El Rashidi El Mizan, owned by the English investment fund Silk Invest, aims to increase its sales in the Egyptian market during 2017 to reach EGP 500m, compared to EGP 300m in 2016.
The company’s sales manager, Khaled Fawzi, said the company’s sales rose by about 120% in 2016 to reach EGP 300m compared to EGP 136m in 2015.
Fawzi added that the company achieved exports worth EGP 100m during 2016, reaching 400 million people domestically and abroad.
He explained that the company is seeking to achieve the targeted sales after the operation of the new plant, which is expected to increase the production capacity of the company and raise its market share.
The company is seeking to increase its exports by 15% after launching the new plant. The company is to expand in a number of African and Arab markets, particularly in Yemen, Palestine, and Somalia.

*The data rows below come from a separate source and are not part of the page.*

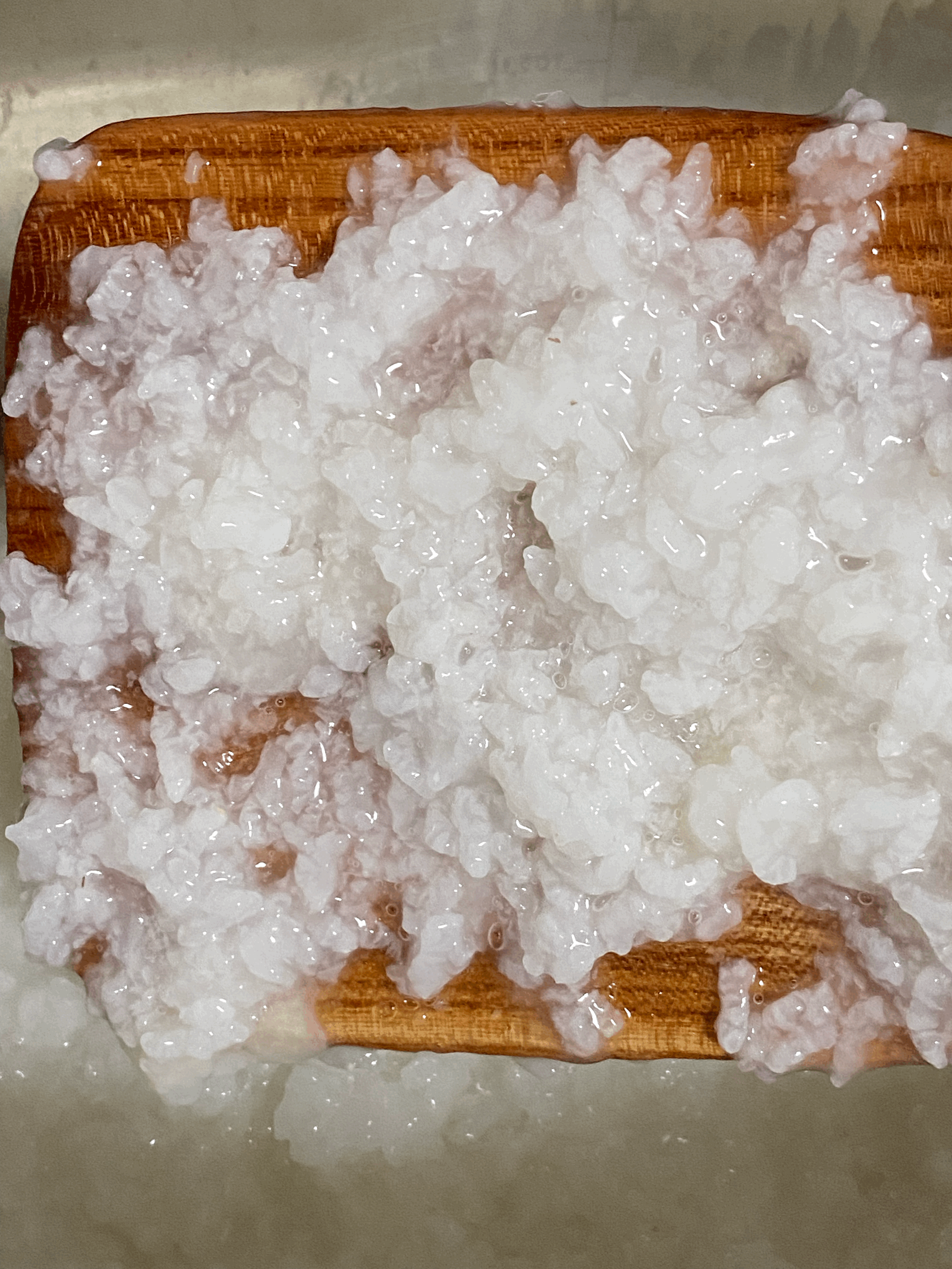 - 통쌀죽을 다 끓이면 수분을 잃지 않도록 곰솥을 비닐로 밀봉하고 반나절 동안 실내에서 뜸들이면서 전분이 더 이상 호화되지 않는 50℃ 이하까지 식힌다.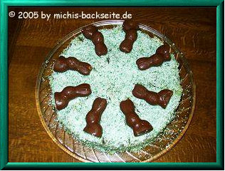 Die Torte obendrauf und am Rand mit den grünen Kokosfocken bestreuen.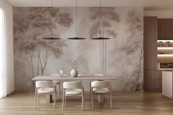 Papier peint Paysage forestier abstrait dans des tons beige fumé, créant une impression de profondeur N° w09657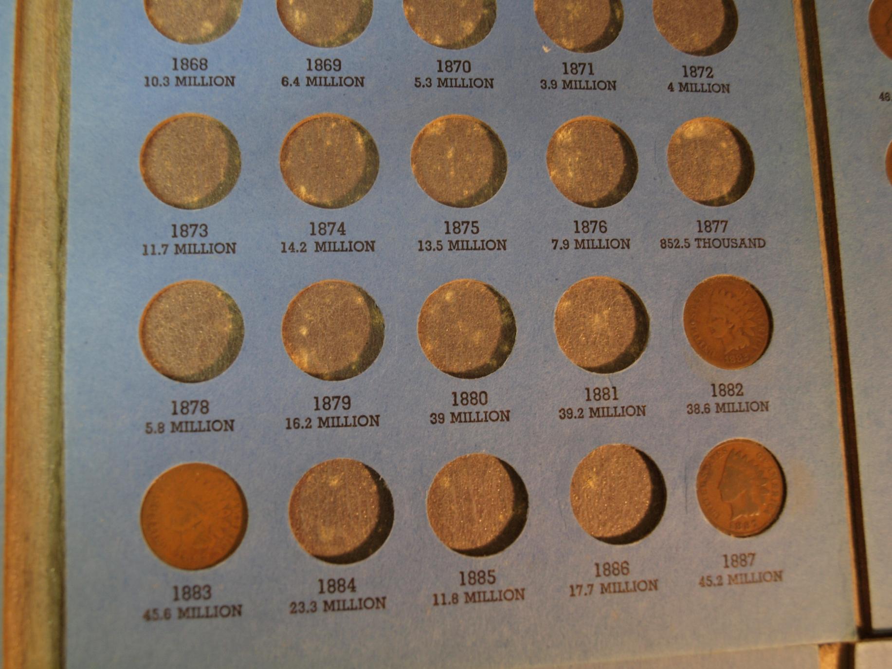 You could also buy him a new one and let him fill up over several years. As far as keys go you could get him fillers which are coins in not good condition used to fill holes in a Whitman or dansco. The 1864 L in filler condition is around $50. 1877 is around $200. 1908 s is $60. The 1909 s is $300. Good luck Preston and prestons mom have tons of fun!!!!!

Fawzi pointed out that the company achieved an increase in the size of its domestic sales last year as a result of raising products prices after the increase in production costs.
He said that the company established a new plant on an area of 15,000sqm in the industrial zone of the 6th of October City to increase the annual production capacity.
Fawzi pointed out that the investment costs of the plant rose during the construction to EGP 200m—compared to EGP 120m allocated by the company before the beginning of the project in 2015—due to the increased value of the dollar and the increased cost of importing the equipment and machinery needed for the production.
The new plant produces halva, tahini, biscuits, ketchup, jam, and peanut butter.
Fawzi said that the company is seeking to expand its discount offers and to participate in several initiatives to reduce prices and minimise the recession.
He said that the increase in the prices of products makes consumers stop buying them, which is what happened with some of the company’s products, such as the new Sakalans biscuit—the sales of which dropped significantly during the last year.
Fawzi said that the company’s sales fell by about EGP 3m in January to reach EGP 22m, compared to EGP 25m in December 2016.
He predicts that the decline in sales is to continue this month to reach EGP 6m, after the direction of consumers to buy the local halva instead of the company’s product.
He added that the company has introduced small-sized tahini and halva products.
The company is considering producing 250g packs wrapped in plastic bags instead of plastic cans in order to reduce packaging costs, which amount to about 30% of the cost of the product.
He pointed out that the peak of domestic sales of sugary products is generally concentrated in the nine months between September and May of the following year. Consumption decreases during the summer because of the high temperatures and the end of school year.
He stated that the food industry sector is facing a number of crises in the domestic market, especially after rising production costs during 2016, which forced the sector to increase prices to cope with increased costs.
Fawzi said that the sector has witnessed a crisis in the provision of production in 2016 as a result of the dollar and sugar crises that have affected the operational capacity of plants.
He pointed out that the decision to float the pound is a good corrective step; however, it increased the exchange rate significantly.
He said that the cost of production has recently stabilised and is expected to decrease again, which makes the situation easier for the companies, unlike the previous period.
The company was forced to re-price its products six times in one month in 2016 as a result of the continuous increases in the prices of raw materials.
One tonne of packaging paper rose by about EGP 35,000 to reach EGP 58,000 in December. Sesame prices also rose by the same rate.
Fawzi added that sugar prices reached EGP 11,000 per tonne in December from EGP 4,500, after the Holding Company for Food Industries raised its prices four times in a row during 2016.
He called upon the government to stabilise the customs dollar price for longer than 30 days, so that companies can maintain the stability of their price lists, which is positively reflected in the growth of domestic and foreign sales.
He pointed out that exports are no longer a luxury for sectors in general—and food industries in particular—as the liquidity in the domestic market has shrunk because of the inflation, which created a surplus in supply.
He said that companies should expand in new markets rather than reducing their production, which brings benefit to the national economy.
El Rashidi El Mizan was established in 1988, and its first factory was established in the Sayeda Zeinab area. It currently employs more than 1,200 workers, and it is expected to exceed 3,000 employees after the completion of its expansion plan.